Material shown:
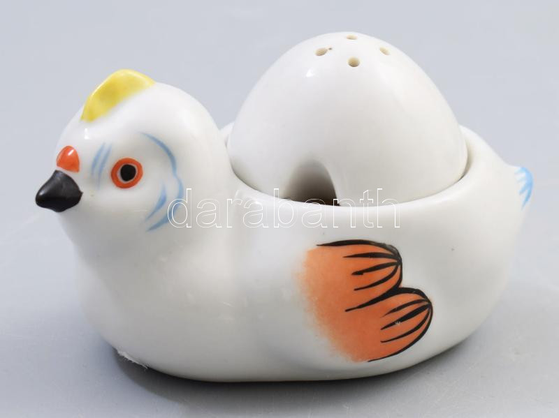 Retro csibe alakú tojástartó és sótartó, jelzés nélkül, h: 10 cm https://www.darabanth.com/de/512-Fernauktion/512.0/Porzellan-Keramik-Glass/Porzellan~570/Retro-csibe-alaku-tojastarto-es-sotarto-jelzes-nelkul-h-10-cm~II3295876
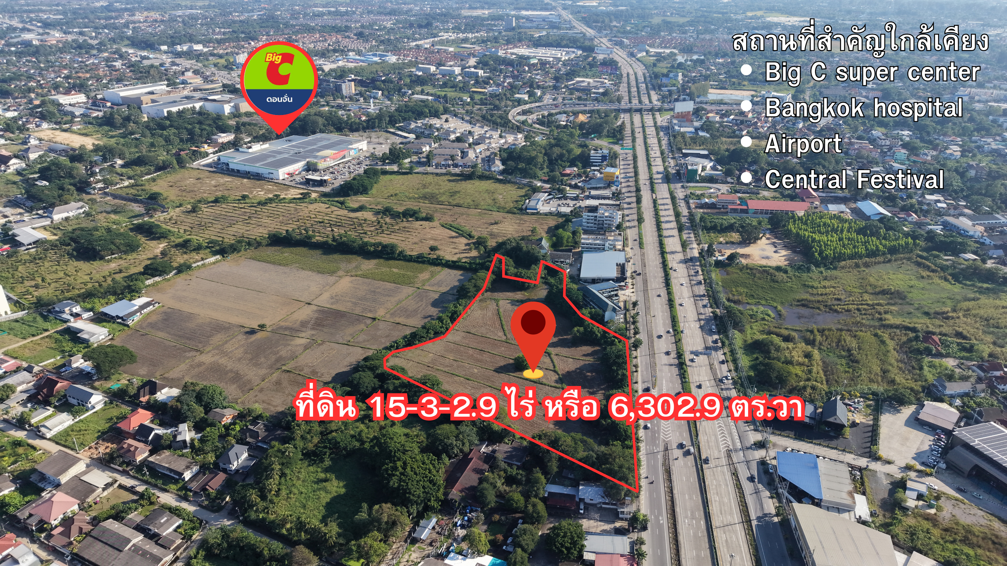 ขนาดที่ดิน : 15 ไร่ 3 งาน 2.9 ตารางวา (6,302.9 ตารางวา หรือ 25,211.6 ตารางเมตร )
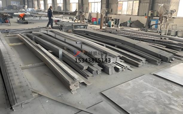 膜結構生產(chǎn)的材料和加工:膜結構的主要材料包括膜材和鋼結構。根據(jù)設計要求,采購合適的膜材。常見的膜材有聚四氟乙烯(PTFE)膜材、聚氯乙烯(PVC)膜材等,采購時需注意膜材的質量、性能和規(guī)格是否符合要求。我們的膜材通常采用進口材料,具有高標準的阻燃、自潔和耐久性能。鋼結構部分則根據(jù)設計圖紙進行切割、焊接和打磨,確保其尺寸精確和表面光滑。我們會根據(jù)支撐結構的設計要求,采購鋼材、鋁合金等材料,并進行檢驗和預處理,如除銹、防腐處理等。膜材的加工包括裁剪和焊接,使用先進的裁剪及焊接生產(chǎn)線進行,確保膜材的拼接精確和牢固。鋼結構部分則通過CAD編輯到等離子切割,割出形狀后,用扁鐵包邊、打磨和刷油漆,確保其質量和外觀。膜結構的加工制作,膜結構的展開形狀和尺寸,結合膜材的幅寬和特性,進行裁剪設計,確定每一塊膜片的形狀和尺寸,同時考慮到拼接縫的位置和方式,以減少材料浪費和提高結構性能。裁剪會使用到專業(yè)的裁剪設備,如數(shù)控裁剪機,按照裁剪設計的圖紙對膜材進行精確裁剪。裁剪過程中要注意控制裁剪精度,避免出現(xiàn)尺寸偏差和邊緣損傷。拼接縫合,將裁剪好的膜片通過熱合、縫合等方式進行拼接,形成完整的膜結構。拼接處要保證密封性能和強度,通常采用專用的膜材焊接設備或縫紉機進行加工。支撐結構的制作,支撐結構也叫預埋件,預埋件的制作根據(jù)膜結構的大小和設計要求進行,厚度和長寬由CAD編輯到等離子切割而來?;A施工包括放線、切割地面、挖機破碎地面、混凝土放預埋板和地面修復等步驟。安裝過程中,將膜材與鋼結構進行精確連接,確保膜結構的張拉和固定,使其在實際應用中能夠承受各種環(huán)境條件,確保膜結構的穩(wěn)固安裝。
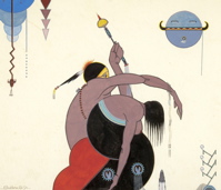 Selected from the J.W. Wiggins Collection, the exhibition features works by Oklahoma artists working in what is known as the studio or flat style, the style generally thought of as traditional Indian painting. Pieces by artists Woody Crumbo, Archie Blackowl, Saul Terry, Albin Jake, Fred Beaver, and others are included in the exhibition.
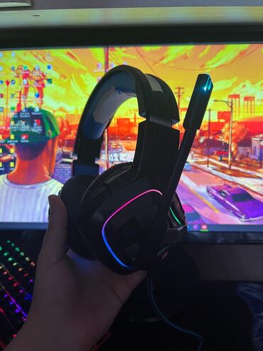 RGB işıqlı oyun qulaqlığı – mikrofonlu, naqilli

What to do: Once the pictures are removed, repeat all of the data above exactly.

Exercise result:
 Retro csibe alakú tojástartó és sótartó, jelzés nélkül, h: 10 cm https://www.darabanth.com/de/512-Fernauktion/512.0/Porzellan-Keramik-Glass/Porzellan~570/Retro-csibe-alaku-tojastarto-es-sotarto-jelzes-nelkul-h-10-cm~II3295876
 ขนาดที่ดิน : 15 ไร่ 3 งาน 2.9 ตารางวา (6,302.9 ตารางวา หรือ 25,211.6 ตารางเมตร )
 膜結構生產(chǎn)的材料和加工:膜結構的主要材料包括膜材和鋼結構。根據(jù)設計要求,采購合適的膜材。常見的膜材有聚四氟乙烯(PTFE)膜材、聚氯乙烯(PVC)膜材等,采購時需注意膜材的質量、性能和規(guī)格是否符合要求。我們的膜材通常采用進口材料,具有高標準的阻燃、自潔和耐久性能。鋼結構部分則根據(jù)設計圖紙進行切割、焊接和打磨,確保其尺寸精確和表面光滑。我們會根據(jù)支撐結構的設計要求,采購鋼材、鋁合金等材料,并進行檢驗和預處理,如除銹、防腐處理等。膜材的加工包括裁剪和焊接,使用先進的裁剪及焊接生產(chǎn)線進行,確保膜材的拼接精確和牢固。鋼結構部分則通過CAD編輯到等離子切割,割出形狀后,用扁鐵包邊、打磨和刷油漆,確保其質量和外觀。膜結構的加工制作,膜結構的展開形狀和尺寸,結合膜材的幅寬和特性,進行裁剪設計,確定每一塊膜片的形狀和尺寸,同時考慮到拼接縫的位置和方式,以減少材料浪費和提高結構性能。裁剪會使用到專業(yè)的裁剪設備,如數(shù)控裁剪機,按照裁剪設計的圖紙對膜材進行精確裁剪。裁剪過程中要注意控制裁剪精度,避免出現(xiàn)尺寸偏差和邊緣損傷。拼接縫合,將裁剪好的膜片通過熱合、縫合等方式進行拼接,形成完整的膜結構。拼接處要保證密封性能和強度,通常采用專用的膜材焊接設備或縫紉機進行加工。支撐結構的制作,支撐結構也叫預埋件,預埋件的制作根據(jù)膜結構的大小和設計要求進行,厚度和長寬由CAD編輯到等離子切割而來?;A施工包括放線、切割地面、挖機破碎地面、混凝土放預埋板和地面修復等步驟。安裝過程中,將膜材與鋼結構進行精確連接,確保膜結構的張拉和固定,使其在實際應用中能夠承受各種環(huán)境條件,確保膜結構的穩(wěn)固安裝。
 Selected from the J.W. Wiggins Collection, the exhibition features works by Oklahoma artists working in what is known as the studio or flat style, the style generally thought of as traditional Indian painting. Pieces by artists Woody Crumbo, Archie Blackowl, Saul Terry, Albin Jake, Fred Beaver, and others are included in the exhibition.
 RGB işıqlı oyun qulaqlığı – mikrofonlu, naqilli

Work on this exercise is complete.